3.3    Knowledge- and data-driven technical challenges

Compared with the knowledge-based and data-driven type, the knowledge- and data-driven type can effectively integrate the advantages of the two. It not only has the ability to adapt to the environment, but also has a certain degree of explainability. Realize credible decision-making. In addition to the technical challenges of knowledge and data-driven in the fusion process, another core technical challenge lies in the fusion method, that is, how to realize the organic fusion of the two [78]. The representative one in Section 2.1.3 "Additive fusion" and "master-slave fusion" can achieve a certain degree of fusion of knowledge and data, but there is no conclusion about which fusion method is better. On the other hand, the idea of ​​exploring a better fusion of wargame knowledge and data is An open question worthy of further exploration and research.
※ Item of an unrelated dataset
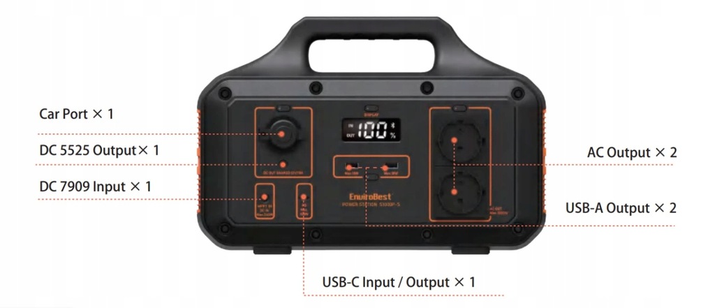 - Połączenie: gniazdo zasilania (220V, 10A), wejście ładowarki samochodowej, 2x wyjście USB-A 18W, 1 x wejście/wyjście USB-C PD100W,

1) The challenge of additive fusion. In additive fusion, knowledge-driven and data-driven are responsible for different modules of the agent, and the sum of the two constitutes a complete agent. The first problem that needs to be solved is the modularization or solution of the entire decision-making process Coupling. At present, the typical additive fusion framework in wargame deduction realizes the fusion of the two according to the process of confrontation. Specifically, in the early stage of wargame deduction, the red and blue sides move their counters to the central battlefield to provide countermeasures for mid-late confrontation and control Then win and create conditions. This process has less feedback, and the operator can explore a huge space. Using knowledge-driven methods can combine human domain knowledge, and obtain effective strategies faster than data-driven. In the middle and late stages of wargame deduction, Intense and continuous confrontation between the two sides, small changes in strategy will produce different confrontation results, and there are many feedbacks in this process, and it is difficult to list them by enumeration. The data-driven method can be combined with existing and self-generated data to obtain A more effective strategy, but it is difficult to decouple the above methods or define the boundary between the two, which inevitably introduces the domain knowledge of experts, and will also be limited by the experts' understanding of the problem. Human-machine based on OODA Although the confrontation framework [45] has given a more general framework, there is great uncertainty in how to implement it in wargame deduction. On the other hand, the knowledge-driven and data-driven parts are mutually restricted, and in the design or training The process is bound to be influenced by each other. For example, the data-driven part is limited by the knowledge-driven part in the iterative process, which requires the knowledge-driven or data-driven part to design alternate iterations of the two while iterating itself, so as to realize the complete agent capability Iterative improvement. The above design and research are still relatively open issues.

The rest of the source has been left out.